Running Your First VectorLint Check

To run VectorLint on a file, use the command:

vectorlint docs/getting-started.md

VectorLint should output a quality report in your terminal:

Adding VectorLint to Your CI/CD Pipeline

Integrate VectorLint into your GitHub Actions workflow to automatically check documentation on every pull request.

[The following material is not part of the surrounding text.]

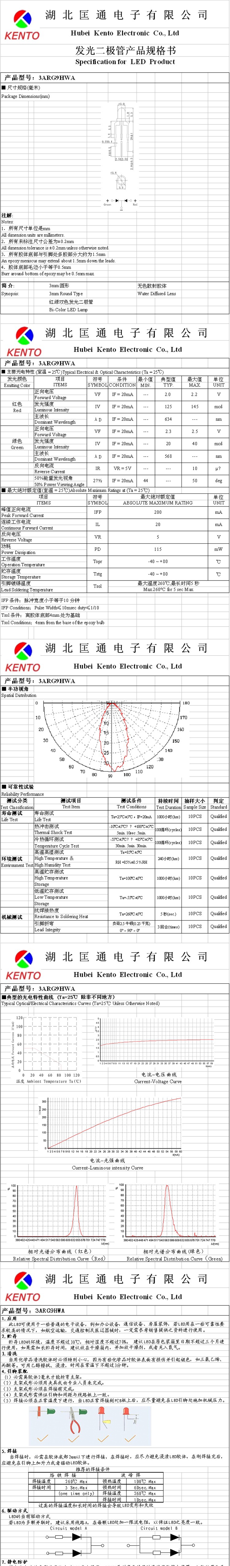 湖北匡通电子KENTO 实地认证 3mm红绿双色白发雾状共阴长脚
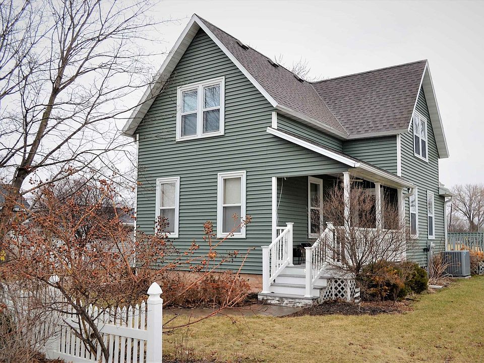 Beautifully updated turn of the century 2 story located within walking distance of restaurants, Fox River walkway, grocery store and schools. Home has newer updated windows, roof, siding & soffits, furnace & central air. Includes all kitchen appliances and washer & dryer. Relaxing backyard deck. Newer 2.5 stall insulated finished & heated garage with 11x20 upper loft.

To add VectorLint to your CI/CD pipeline, create .github/workflows/lint-docs.yml:

name: Lint Documentation
on: [pull_request]

jobs:
  vectorlint:
    runs-on: ubuntu-latest
    env:
      OPENAI_API_KEY: ${{ secrets.OPENAI_API_KEY }}
    steps:
      - uses: actions/checkout@v3

      - name: Setup Node
        uses: actions/setup-node@v3
        with:
          node-version: '18'

      - name: Run VectorLint
        run: npx vectorlint docs/*.md

This workflow runs VectorLint on every pull request, checking all modified Markdown files against your quality rules. If VectorLint finds quality issues, the build fails, and the quality report appears in the PR comments.

Next Steps

You’ve now automated the detection of excessive hedging in your documentation. But there are more AI patterns worth catching:

Expand your rule pack:

  • Define rules that match your company’s style guide
  • Share your rule packs across repositories
  • Use VectorLint scores as a metric for documentation quality

By creating more rules, you can automate more quality checks and save time on content review. This helps you keep up with development velocity while maintaining the quality and trust your brand depends on.